This post will have no Tiger Woods jokes.
Tiger Woods has a serious problem. And there is absolutely no reason to encourage cheap laughter just because of an astonishing new iPhone app that makes it easier for you to cheat on your spouse, offer heinously regrettable insults, or employ a hitman--all without worrying that your texts will betray your true self.
So this app is called TigerText. So what? I am sure the golfer's deep and troubling recent past did not enter into the creators' heads when they named this ingenious little technological concoction.

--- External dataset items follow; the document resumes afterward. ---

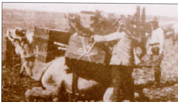
Turška vojska je na iraški fronti za transport orožja in opreme uporabljala predvsem kamele, saj so se najbolj obnesle v puščavskih razmerah. Britanci so za to spoznanje potrebovali kar nekaj časa. Slika je nastala leta 1916.

Decembra 1913 je v Carigrad prispel najbolj znan nemški svetovalec Liman Von Sanders, član spreobrnjene pruske židovske družine in mož, ki bo pozneje bogato vojaško znanje in spretnosti pokazal proti Britancem v Galipoliju in Palestini. Von Sanders in še približno 40 drugih nemških častnikov je začelo v turški vojski služiti pozimi 1913-1914. Kljub velikim naporom jim do začetka 1. svetovne vojne ni uspelo dokonč-
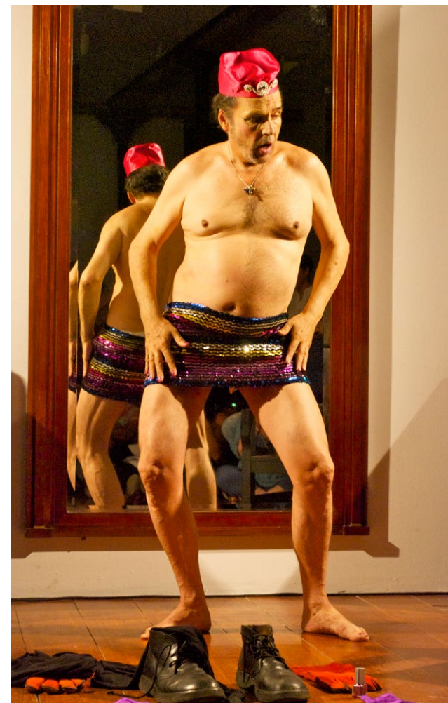
Miguel Benlloch. 56 géneros , 2010.

Las acciones, textos, la actividad política y estética —que Benlloch realiza al calor de lo colectivo y de la vitalidad de los grupos sociopolíticos y artísticos con los que se relaciona— se van conformando como un espacio singular para leer y entender el desarrollo del arte y el activismo en el Estado español de cambio de siglo, que ha puesto en el centro de los discursos el debate y cuestionamiento de las categorías binarias y heterocentadas. Su hacer representa una temprana mirada crítica a la identidad, un pensamiento desde el cuerpo y una escritura que aparece en forma de acción, fotografía, libro, pregón, discurso o pancarta.
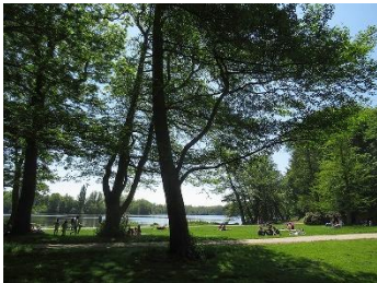
Bild 8: Liegewiese im Harburger Stadtpark im Mai.

Die Pressebilder finden Sie als Download im Presse-Bereich auf unserer Webseite amh.de. Weitere Bilder schicken wir Ihnen auf Anfrage gern zu. Die honorarfreie Reproduktion ist nur im Rahmen der aktuellen Berichterstattung zur Ausstellung bei Nennung der vollständigen Creditline erlaubt. Mit freundlicher Bitte um Zusendung eines Belegexemplars an die Pressestelle des Archäologischen Museums Hamburg.
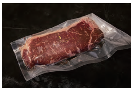
価格は店頭にてご確認ください。

サーロイン、リブローズ、ハンバーグなどの部位ごとにカットして真空パック。フレッシュなまま、チルド状態でお持ち帰りください。こちらのカット肉はオンラインショップでもご購入可能です。(客単価 1000円～4000円代を予定)
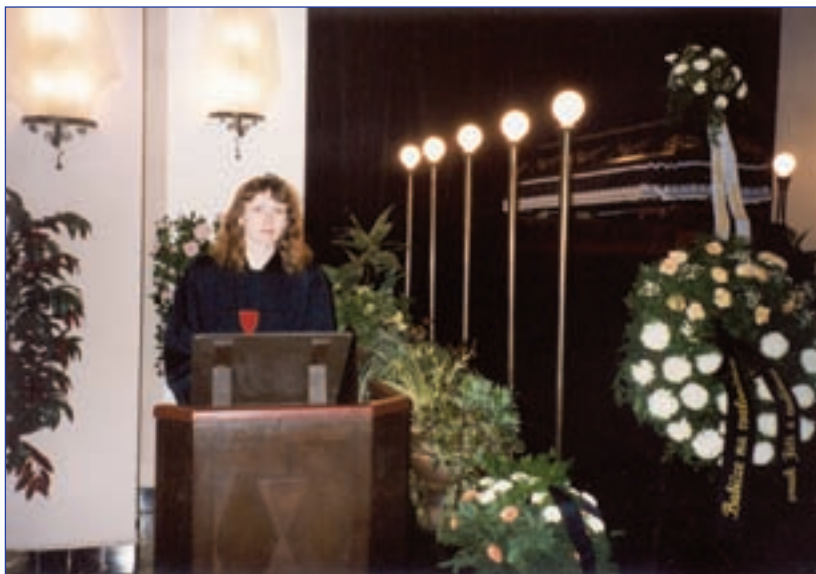
Rozloučení se zesnulým (krematorium)
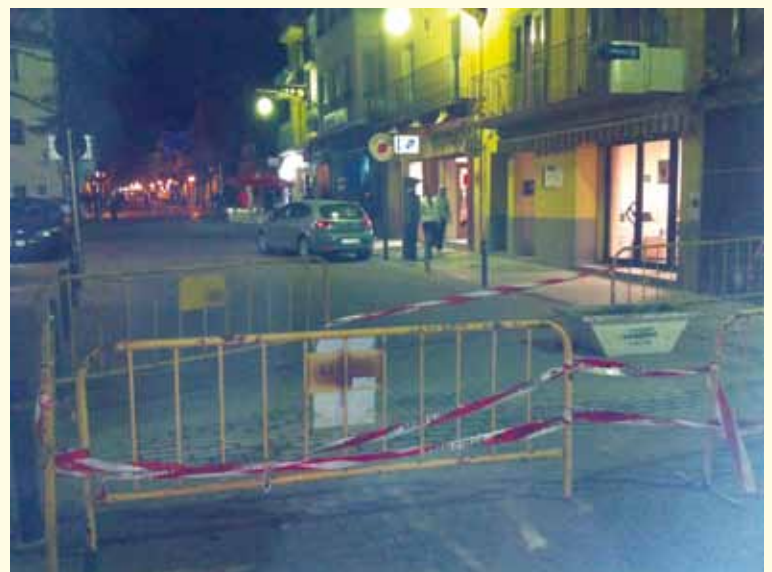
Unes obres de connexió al carrer Major van provocar un cert "caos" al vial que travessa la gasolinera GALP

A mitjans de gener el carrer Major va quedar tancat dos dies per unes obres de connexió a la xarxa de clavegueram. Aquest fet va obligar que els vehicles que circulaven per aquest carrer en direcció nord haguessin de baixar cap al riu a l'alçada del número 77, direcció carrer del Rec, travessar el riu i recular pel carrer Llobregat fins anar a buscar el carrer del Pont. En aquest punt calia travessar, pel mig, la gasolinera GALP i anar a buscar l'enllaç cap a la N2 o el carrer Jesús Mercader. Prou complicat... no? El cas però és que per als clients de la gasolinera no hi ha cap senyal que els indiqui que entre les dues marquesines hi ha un carrer. Això fa que s'incorporin sense gaires miraments. Costaria molt posar-hi un senyal per cedir el pas? Per què els qui acabaven fent un Stop eren els vehicles que provenien del carrer Major?
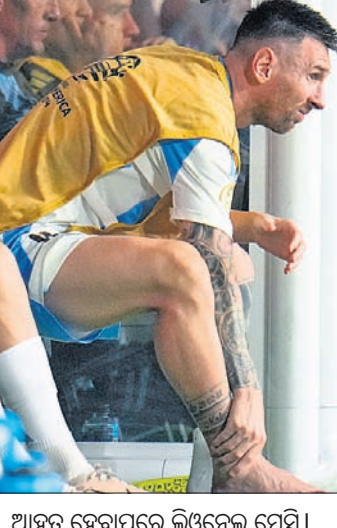
ଆହତ ହେବାପରେ ଲିଓନେଲ ମେସି।

ନିଓଭାନ ଲୋ ସେଲସୋ ଓ ଲିଓନେଲ ମେସିଙ୍କ ପାରଦେଶୀୟ ପାସ୍ତୁ ଏକ ଚମତ୍କାର ଖେଳାଳି ଭାବରେ ପଢ଼ିଆରେ ପ୍ରଦେଶ ଗାଇଲେ। ଆର୍ଜେଣ୍ଟିନା ପକ୍ଷରୁ ଅନ୍ତର୍ଜାତୀୟ ମାର୍କେଟିଂ ୨୯ ଚମ ଗୋଲ ଏକମାତ୍ର ଗୋଲ ଦେଇଥିଲେ।

TigerText, you see, erases your texts. It makes them go away. It makes them disappear like the midriff of a magician's assistant. What is so beautiful is that not only do your texts disappear from your own phone records, they also vamoose from the phone of your unfortunate recipient.
You can even decide when they vamoose. After a minute. Or, if you are fond of self-torture, after any time period up to 30 days.
This concept seems brilliant on so many levels that my vast and excited arms cannot embrace all of these levels simultaneously.
I am sure you, too, sometimes send texts that you would dearly love to take back. You liken your boss, your lover, or your chiropodist to some human orifice or dubious sexual practice. You allow your fingers to work slightly ahead of your editing skills. Suddenly, words that don't reflect your true, kind, thoughtful self, wing their way across 3G until they stir up emotions in 3D.
You hate yourself. You hate those who will make emotional, or even financial, capital out of your decapitated misjudgment even more.
However, TigerText transmits your texts via its own server, which gives it the power, once you have paid your $2.49 of protection money every month (yes! For unlimited texting!), to send your text into an ether from which it can never, ever return.
I know you'll be thinking there must be a catch. Well, the person to whom you're sending the text also has to enjoy TigerText protection. But who would not consider downgrading the cost of their daily latte in return for eliminating the cost of their daily lapses in self-expression?
Currently, TigerText is only available for the iPhone (BlackBerry and Android versions are coming soon). This vast, delightful mallet for the cause of personal privacy and second chances almost makes me want to rush to Apple.com and purchase an iPhone this very minute.
The thing is, though, I've never gotten the hang of texting on the iPhone. I keep misspelling words as "shot," "bustard," and "wander." Is there an app that might make the keys a little bigger?